_YOUR ASSIGNMENT_:
The copy should hold exactly the lines below from the one that contains "Jardinera Rectangular Elevada" through the one that contains "by the esteemed" and nothing else, so no pictures.

_PROVIDED RECORDS_:
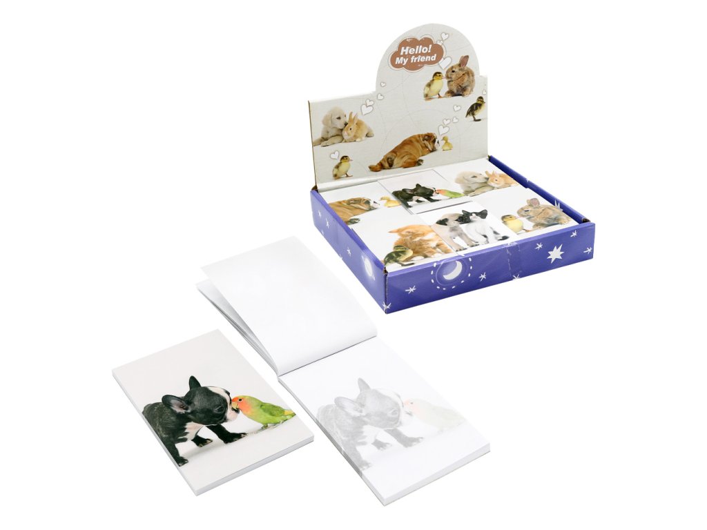 Mini bloček na psaní poznámek s potiskem roztomilých domácích mazlíčků.
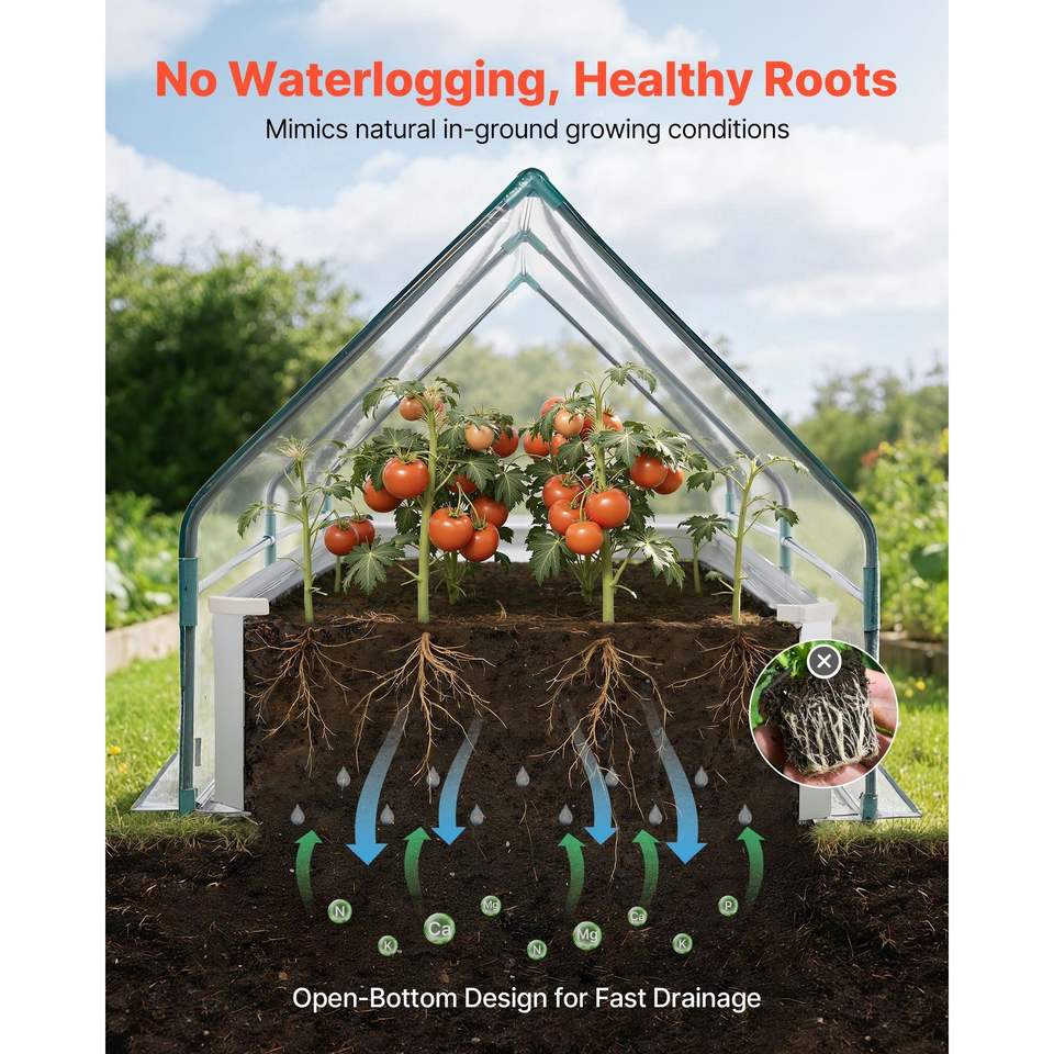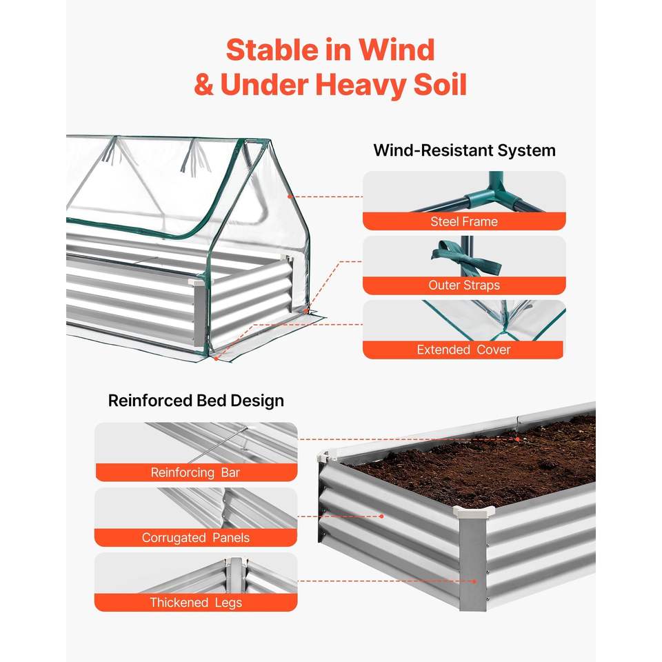 Jardinera Rectangular Elevada de 6 x 3 x 1 pies, Kit de Jardinera de Metal Galvanizado con Cubierta de Invernadero de PE, Invernadero para Jardín Exterior
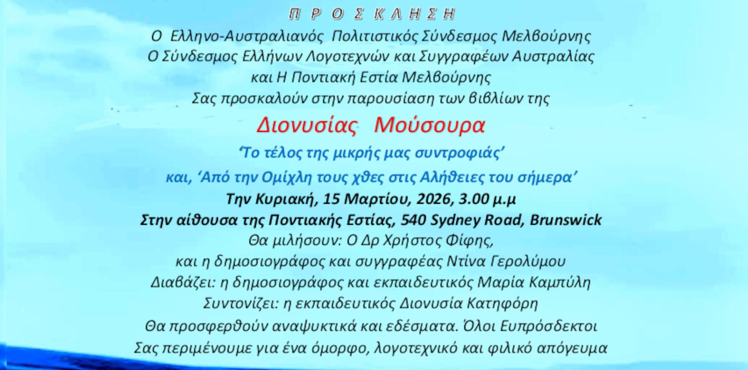 by the esteemed author Dionysia Mousoura, on Sunday, 15 March 2026, at 3:00 p.m., at the Pontiaki Estia Melbourne Hall, 540 Sydney Road, Brunswick.
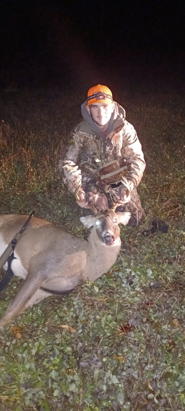 at 5 oclock I had a few deer in this dead wheat field that has cover seeded over it and a pack of bucks come out of the neighbors woods 500 yards out and they were chasing a few doe the neighbor shot the doe and I lost the buck after that I moved to this other window since I see deer running and moved my dial to 150 yards on my ruger 350 and I pick my head up and here the 8 point 88 yards from me in the neighbors field I texted him for quick if I could shot this buck and he said I could so I moved back to the other window ranger him at 82 yards set ny dial for hunt yards made sure the neighbor dragging his doe wasn’t in my line of fire and I click that safety and pull the trigger on the buck he did a donkey key and ran and died at the fence to my property. Made the easy tracking job.
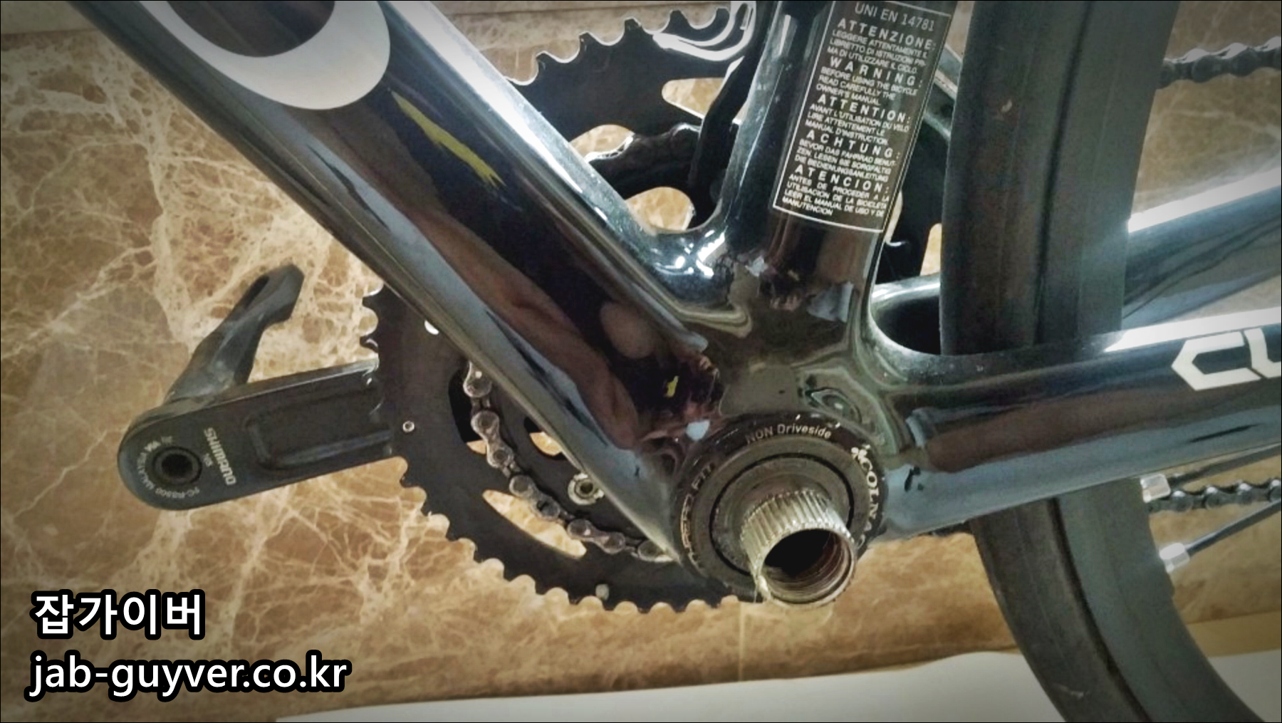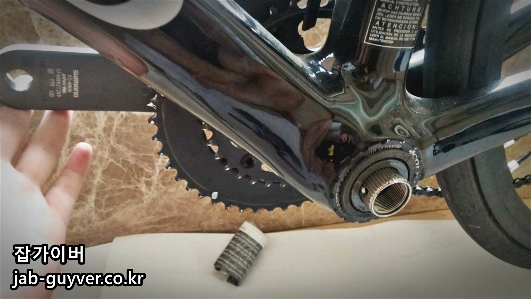 크랭크를 자전거 비비 "BB쉘"에 넣고 논드라이브 쪽 크랭크 암을 껴줍니다.

_EXERCISE ANSWER_:
 Jardinera Rectangular Elevada de 6 x 3 x 1 pies, Kit de Jardinera de Metal Galvanizado con Cubierta de Invernadero de PE, Invernadero para Jardín Exterior
 by the esteemed author Dionysia Mousoura, on Sunday, 15 March 2026, at 3:00 p.m., at the Pontiaki Estia Melbourne Hall, 540 Sydney Road, Brunswick.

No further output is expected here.